Start of Block

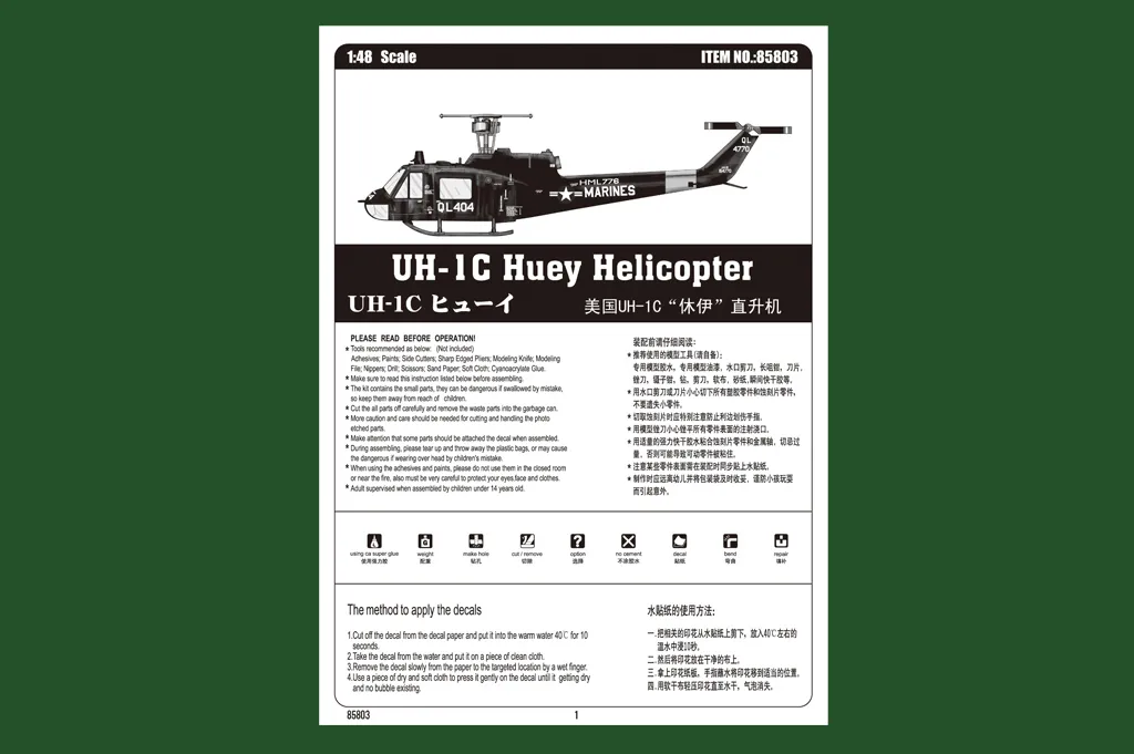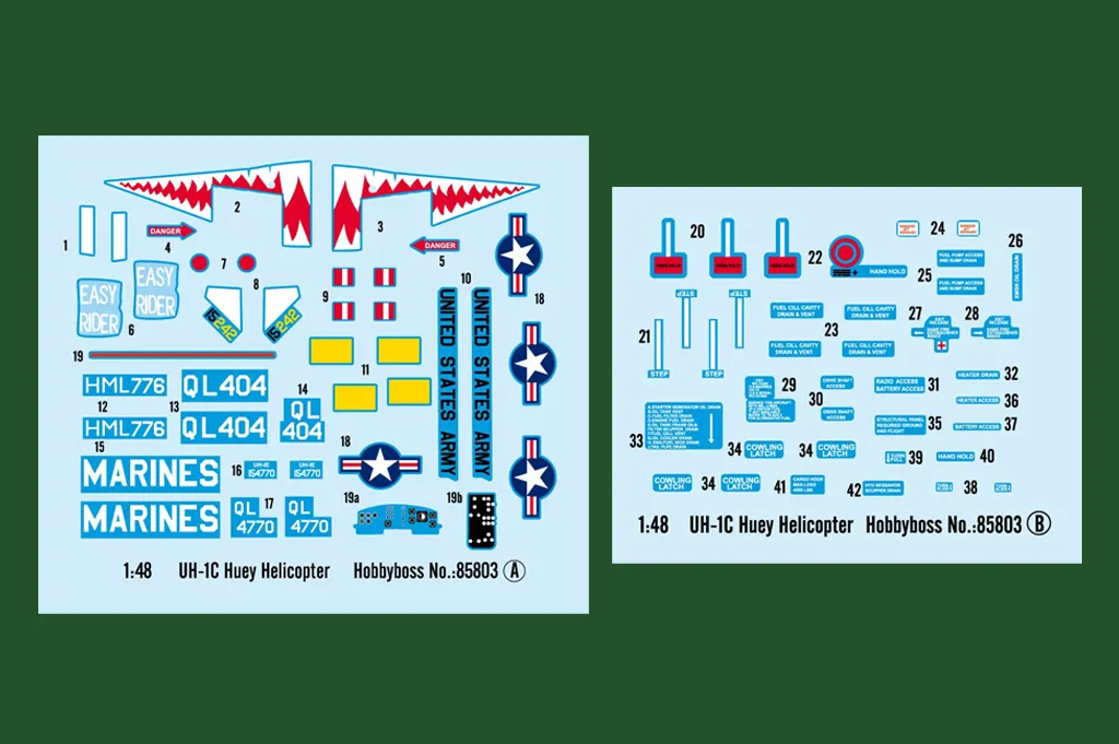 SKU: HB85803 | Brand: HobbyBoss | Product: HobbyBoss 1/48 UH-1C Huey Helicopter Plastic Model Kit [85803] The Bell UH-1 Iroquois gained its "Huey" designation from its original HU-1 classification and became a cornerstone of military aviation after entering service in 1959. Over 16,000 units were manufactured through 1976, with approximately 7,000 deployed during the Vietnam War across multiple operational roles. This 1:48 assembly model comprises 30+ parts distributed across 2 fuselage sprues and includes 5 clear canopy sections with finely detailed panel lines (272.6mm length, 255mm rotor diameter). Constructed in US Army configuration. Static assembly required; paints and cement not supplied. Item No: 85803 | Scale: 1:48 | Released: 2012-06
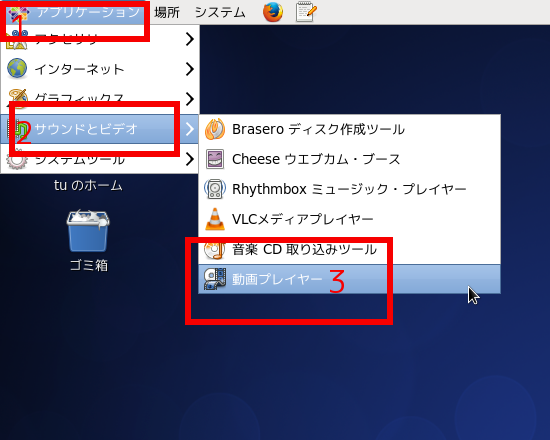(1)赤枠1の「アプリケーション」をクリックすると表示される赤枠2の「サウンドとビデオ」をクリックし、表示される赤枠3の「動画プレーヤー」をクリック
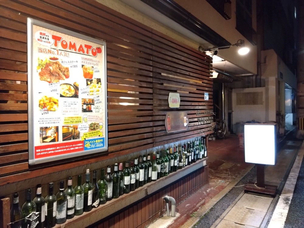 そしてTOMATOで楽しんでいる最中に、かねてから訪れてみたいと思っていた「若松 花のチモト」でもう1バル使用したいことを思い出しました。幸いにも店は隣だったこともあり、マスターに相談すると「行って来ていいよ、注文して出来上がったらここへ持って来てもらったらいいよ!」とのことで、食事の途中ですが、若松 花のチモトへ向かいました。
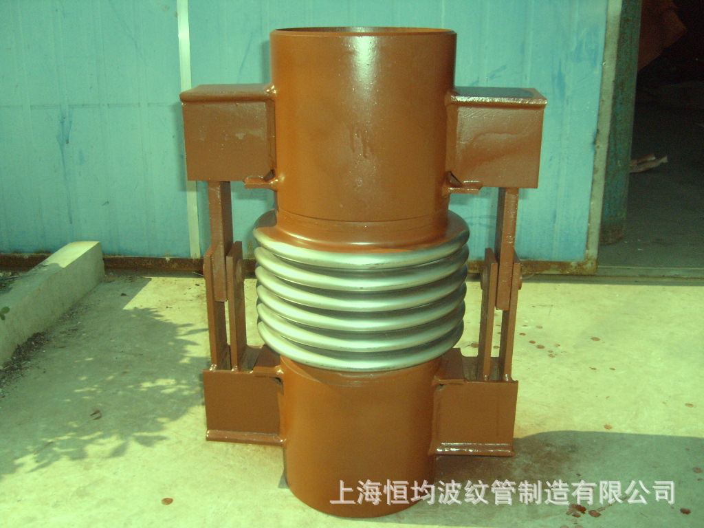 是由一波纹管、平衡环及两对与平衡环和端管相连的铰链板组成的挠性部件。 单式铰链波纹膨胀节的性能特点: 单式铰链型波纹膨胀节通过其角度的变化来吸收管线、输送通道或容器等沿其轴向方向因热膨胀或收缩所引起的角向位移。通常两件或三件组合使用,补偿量与两件产品间距离成正比,其优点是体积小,重量轻,产品压力推力由铰链构件承受, 角向铰链波纹补偿器可以补偿管线在任意方向的角位移。 单式铰链波纹膨胀节的安装说明: 1、膨胀节上的小拉杆只作为运输、安装和“冷紧”用,安装完毕后必须将其拆除。 2、当膨胀节角变形较大或系统工作压力较高时,推荐产品在安装时进行冷紧,冷紧的优点主要在于改善膨胀节及管线的工作稳定性。 3、安装时注意膨胀节铰链转动平面,必须与位移平面一致。 单式铰链波纹膨胀节的应用范围: 主要应用于各种复杂管系,补偿管系的角向位移,如L型管道、Z型管道、U型管道等。 |
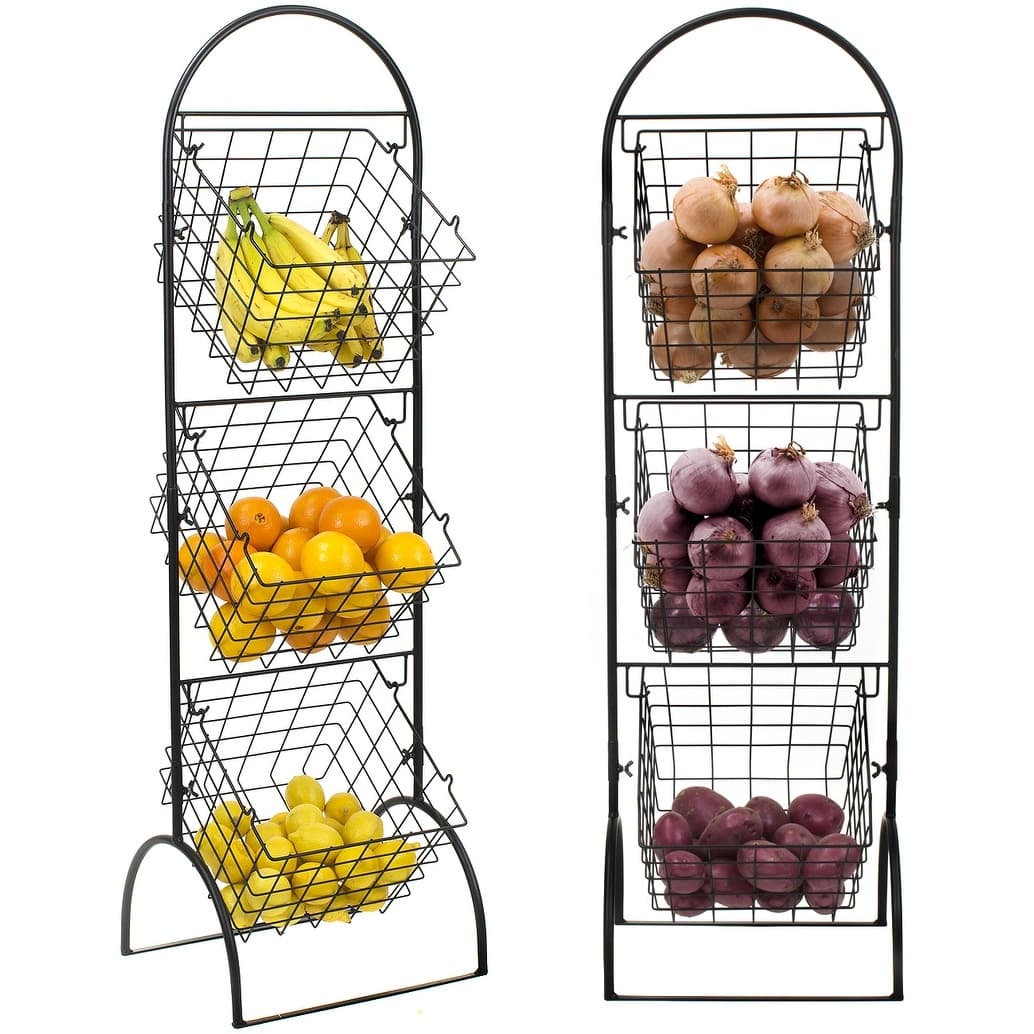 Enhance your kitchen organization and display your favorite produce with the Sorbus 3-Tier Wall Mounted Storage Rack. This functional and attractive solution includes three large baskets, ideal for keeping fruits, veggies, and other household items. The adjustable design lets you choose between a 1, 2, or 3-tier setup, and the detachable baskets allow for easy transfer of items to the counter. Made from sturdy steel with a sleek black finish, it is lightweight, simple to clean, and supports up to 44 pounds in total.
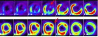 图1 上排:左室前壁心肌血供中断(箭头所示),前壁心梗;下排:前壁梗死的心肌糖代谢旺盛,提示心肌存活。
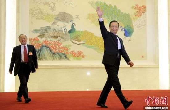 3月14日上午,十一屆全國人大五次會議閉幕。閉幕會后,中國國務院總理溫家寶與中外記者見面并回答記者提問。圖為溫家寶總理邁入人民大會堂金色大廳,向中外記者揮手。中新社記者 廖攀 攝
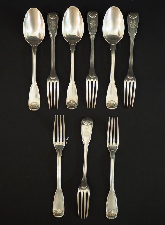 Suite de trois couverts et trois fourchettes à entremets en argent, poinçon Minerve, modèle à double coquilles. Monogrammés. Poids. 482 g
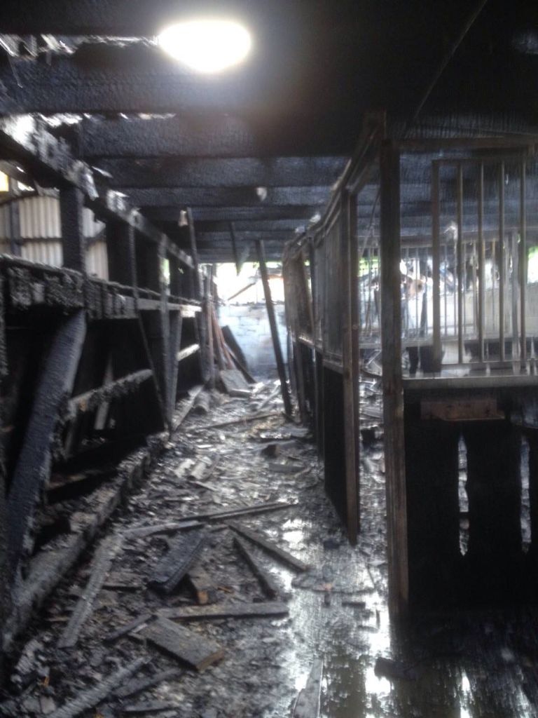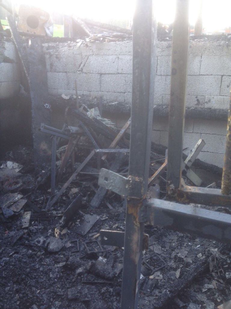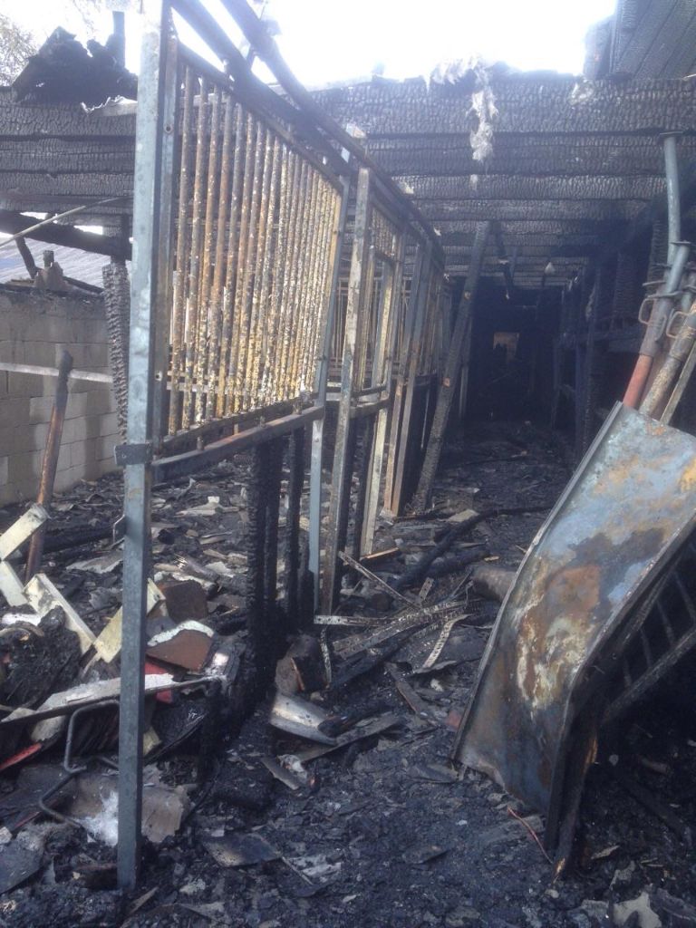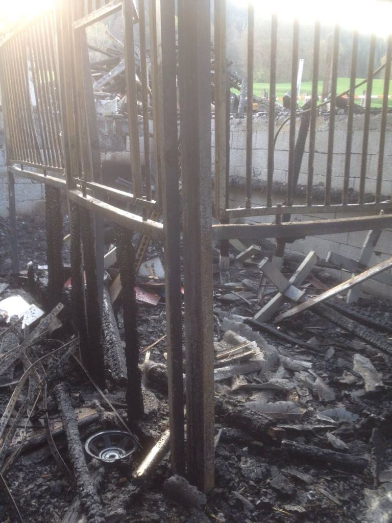30 der 60 Meter langen Halle sind vollkommen zerstört, ebenso sieben Boxen, welche direkt an der Halle angeschlossen waren. Auch unser gesamtes Lager mit Ausrüstung für die Pferde und Hindernismaterial wurde beim Brand vernichtet. Wir haben quasi nichts mehr. Ich kenne mich nicht aus, ob wir Teile der Halle stehen lassen können, oder  alles abreißen lassen müssen. Ob der Betonboden im Stall noch verwendbar ist, oder ob alles niedergerissen werden muss. Ich bin immer in Sorge, dass es wieder brennt. Wie es jetzt weitergehen soll, wissen wir nicht genau.“
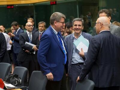 Πυκνές σημειώσεις σε ένα χαρτί από το σημειωματάριο του ξενοδοχείου κρατούσε μαζί με έναν γαλάζιο φάκελο ο Υπουργός Οικονομικών Ευκλείδης Τσακαλώτος μπαίνοντας νωρίς το μεσημέρι στην αίθουσα συνεδριάσεων του eurogroup.

End of Block

**Aim of the task**:
Your reply should consist solely of the lines above from the line containing "(1)赤枠1の「アプリケーシ" up to and including the line containing "单式铰链波纹膨胀节的应用范围: 主要应用于各种复杂管系,补偿管系的角向位移,如L型管道、Z型管道、U型管道等。 |", reproduced exactly, minus the pictures.

**Solution for this exercise**:
(1)赤枠1の「アプリケーション」をクリックすると表示される赤枠2の「サウンドとビデオ」をクリックし、表示される赤枠3の「動画プレーヤー」をクリック
 そしてTOMATOで楽しんでいる最中に、かねてから訪れてみたいと思っていた「若松 花のチモト」でもう1バル使用したいことを思い出しました。幸いにも店は隣だったこともあり、マスターに相談すると「行って来ていいよ、注文して出来上がったらここへ持って来てもらったらいいよ!」とのことで、食事の途中ですが、若松 花のチモトへ向かいました。
 是由一波纹管、平衡环及两对与平衡环和端管相连的铰链板组成的挠性部件。 单式铰链波纹膨胀节的性能特点: 单式铰链型波纹膨胀节通过其角度的变化来吸收管线、输送通道或容器等沿其轴向方向因热膨胀或收缩所引起的角向位移。通常两件或三件组合使用,补偿量与两件产品间距离成正比,其优点是体积小,重量轻,产品压力推力由铰链构件承受, 角向铰链波纹补偿器可以补偿管线在任意方向的角位移。 单式铰链波纹膨胀节的安装说明: 1、膨胀节上的小拉杆只作为运输、安装和“冷紧”用,安装完毕后必须将其拆除。 2、当膨胀节角变形较大或系统工作压力较高时,推荐产品在安装时进行冷紧,冷紧的优点主要在于改善膨胀节及管线的工作稳定性。 3、安装时注意膨胀节铰链转动平面,必须与位移平面一致。 单式铰链波纹膨胀节的应用范围: 主要应用于各种复杂管系,补偿管系的角向位移,如L型管道、Z型管道、U型管道等。 |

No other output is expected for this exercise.